Originally written on November 1, 2006.
The Lead In: A young, mixed race, married couple are finishing up dinner in a diner when the diner is robbed. Playing the hero, the young man attacks the robbers and wins only to find his wife lying on the floor unable to breathe.
The Plot: Thinking the wife, Tracy (Jurnee Smolett) could be having an infection that only shows up when she is active; Foreman puts her on the treadmill. Even though she complains of abdominal pains, and the husband, Bobby (Scott Rinker) screams, Foreman makes her continue running. Soon the husband has similar pains and, as it turns out, has the same illness.
Tracy later has a hallucination that Bobby’s pill-popping racist father is in the hospital telling her to leave Bobby alone, and for Bobby to not touch the girl as he begins to break his arm. From the hallucination, she goes into a coma.
The team eventually decides that they need to do a biopsy of Tracy’s brain stem, but they need Bobby’s permission to do so. There is much discussion of the ethics behind this, because Bobby may grant permission to do so simply because it could help cure him. It is decided that Wilson may do the asking as he has a way with people. Bobby refuses the biopsy, afraid of the risks, and decides that they should do it on him. The problem is that he does not yet have those symptoms and would have to go off meds to do so.

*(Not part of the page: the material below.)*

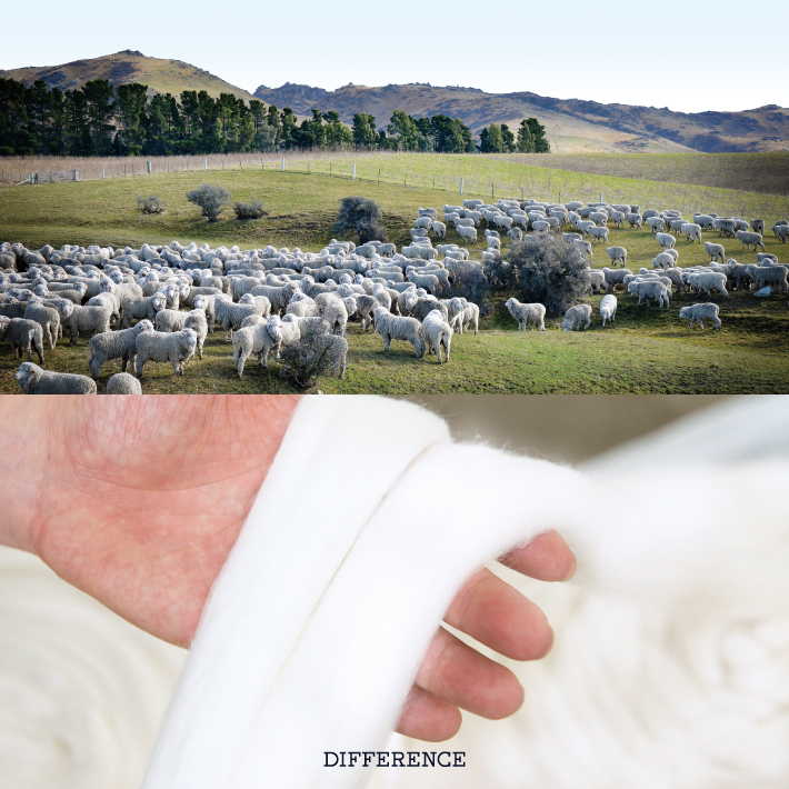 DIFFERENCEではニュージーランド政府の協力のもと、独自の原毛調達ルートを構築し、サステナブルで高品質なオリジナル生地「LIMITED WOOL」を開発・販売しております。

A biopsy isn’t needed as Bobby’s intestines begin to rot and a new diagnosis is given. It turns out that the two lovers are related and Bobby’s dad isn’t so racist after all. In fact, he is Tracy’s father as well and the illness is related to the incest.
Oooh.
The subplot: On one of his clinic stints, House ticks off a patient (David Morse) who calls House on his perpetual rudeness. In retribution, House gives the patient a rectal thermometer and leaves work before it is extracted.
The patient raises crap with Cuddy who tries to make House apologize. House refuses and ticks the patient off even more. Turns out the patient is actually Detective Tritter who nails House for speeding at the end of the episode. Well, speeding and drug possession, for carrying his pills without a prescription. The episode ends with House being arrested.
The Subplot Part II: House notices Wilson chatting up a pretty nurse and automatically suspects they are dating. This irritates House because a) House is alarmed that Wilson will screw up another relationship or b) House fears Wilson will wind up in a happy relationship and not need him anymore.
Much betting goes on between House and Foreman as to the actual nature between Wilson and the nurse until it is disclosed that it is Foreman who is dating the woman.
The rating: ***
This episode seemed a little off to me. The actual patients seemed to take a bigger back seat to the internal bickering and subplots. The incest conclusion seemed more tabloid than usually allowed on the show, and in the end, I didn’t particularly care about the patients at all.
The whole Detective Tritter arrests House plot should prove very interesting though.
The excuse: I watched the episode after having driven some 600 miles to my parent’s house. Watching with them is an interesting experience as they tend to talk loudly through the proceedings. That and the exhaustion made my viewing experience a little lax and most assuredly has an effect on this review.